START Information provided

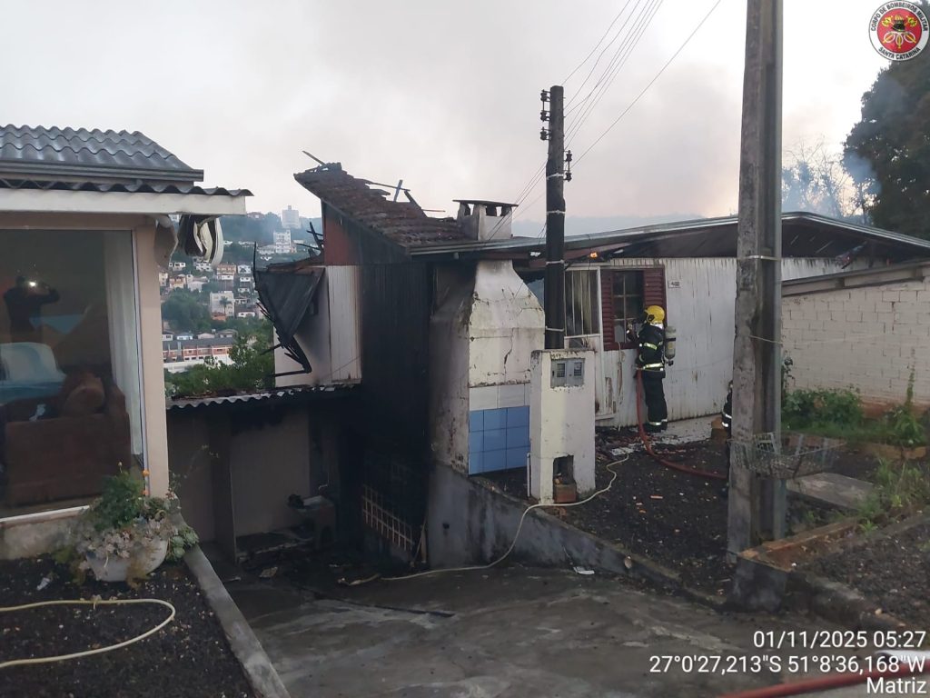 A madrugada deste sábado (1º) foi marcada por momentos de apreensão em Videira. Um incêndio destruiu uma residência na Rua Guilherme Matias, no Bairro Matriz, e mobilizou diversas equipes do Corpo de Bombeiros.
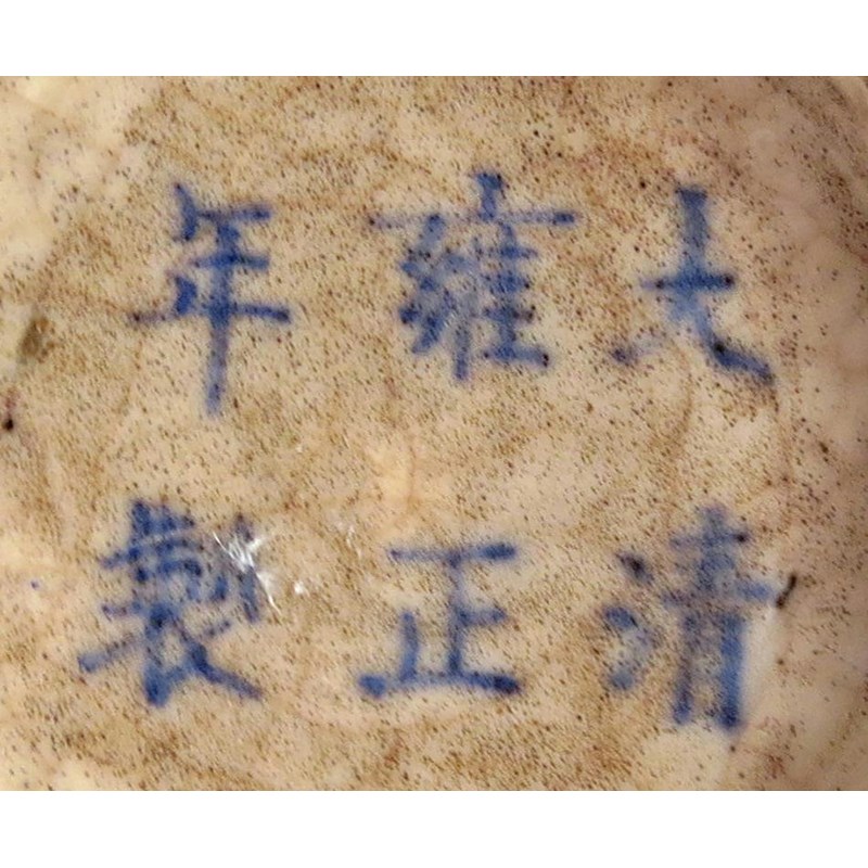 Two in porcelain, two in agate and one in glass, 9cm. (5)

END Information provided
START Information provided

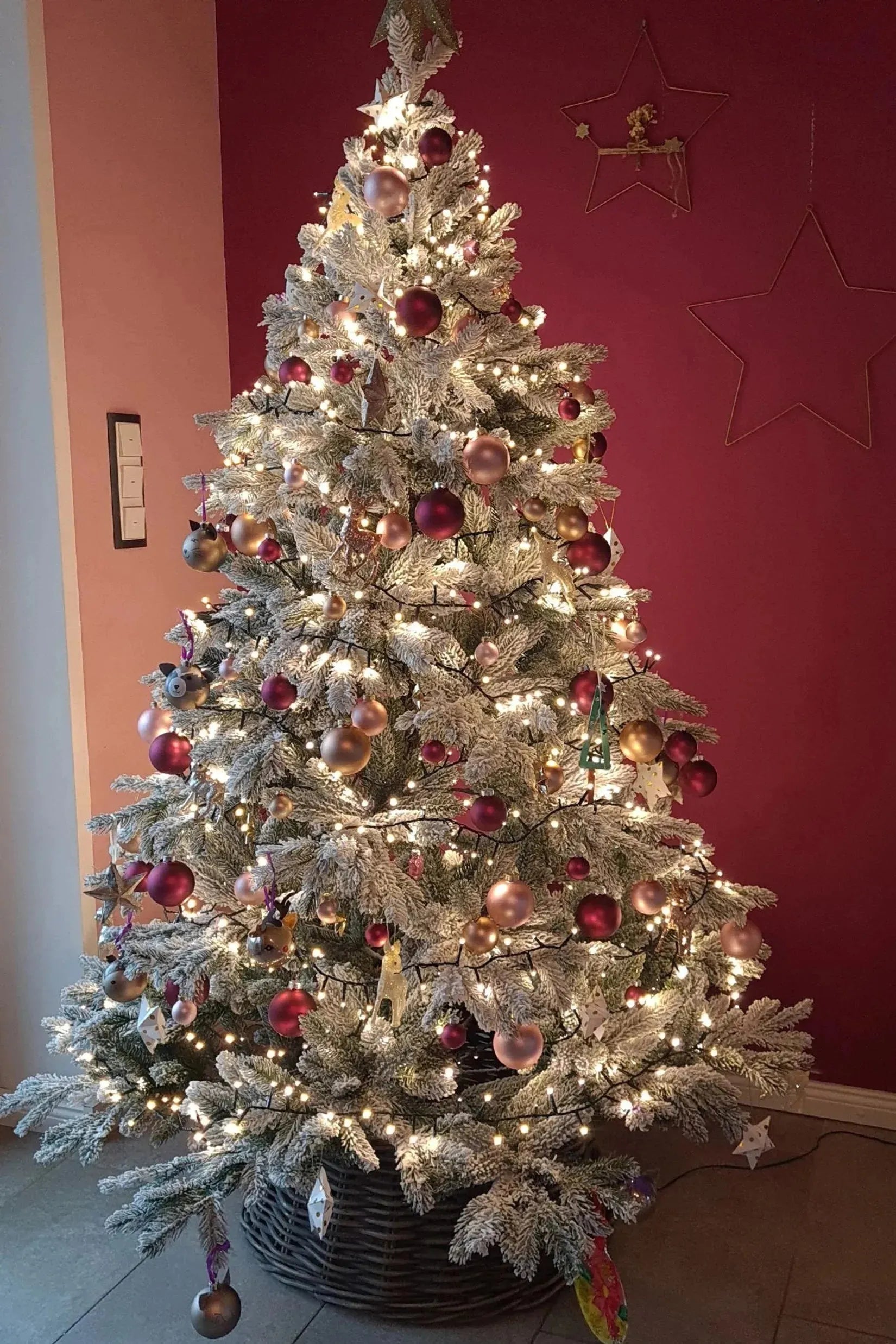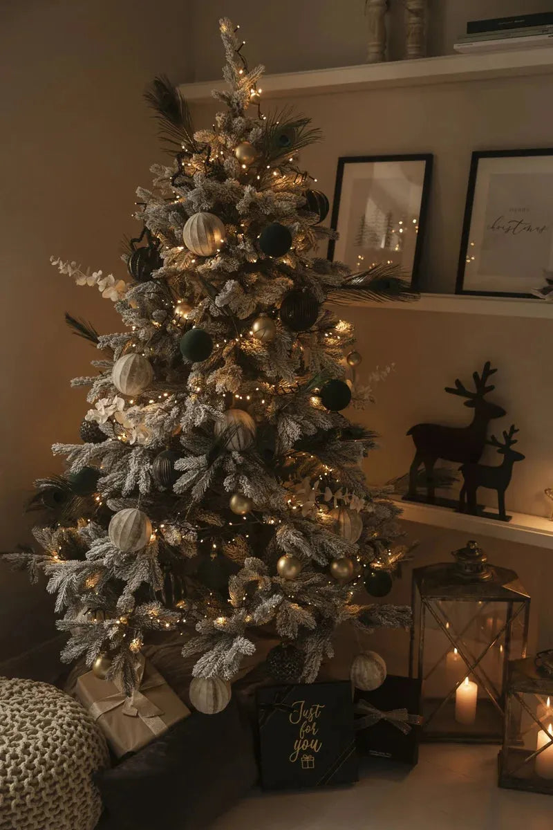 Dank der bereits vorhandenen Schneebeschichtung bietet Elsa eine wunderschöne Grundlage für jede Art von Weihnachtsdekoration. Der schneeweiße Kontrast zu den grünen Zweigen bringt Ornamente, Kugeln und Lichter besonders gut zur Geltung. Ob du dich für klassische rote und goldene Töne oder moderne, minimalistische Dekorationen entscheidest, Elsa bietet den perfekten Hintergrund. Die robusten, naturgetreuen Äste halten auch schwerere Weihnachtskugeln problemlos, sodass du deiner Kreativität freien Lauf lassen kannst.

END Information provided

◆ **Your objective**:
Please copy the lines above exactly, starting at the line that holds "A madrugada deste" and ending at the line that holds "Two in porcelain, two"; include both, but no pictures.

◆ **Solution for this problem**:
 A madrugada deste sábado (1º) foi marcada por momentos de apreensão em Videira. Um incêndio destruiu uma residência na Rua Guilherme Matias, no Bairro Matriz, e mobilizou diversas equipes do Corpo de Bombeiros.
 Two in porcelain, two in agate and one in glass, 9cm. (5)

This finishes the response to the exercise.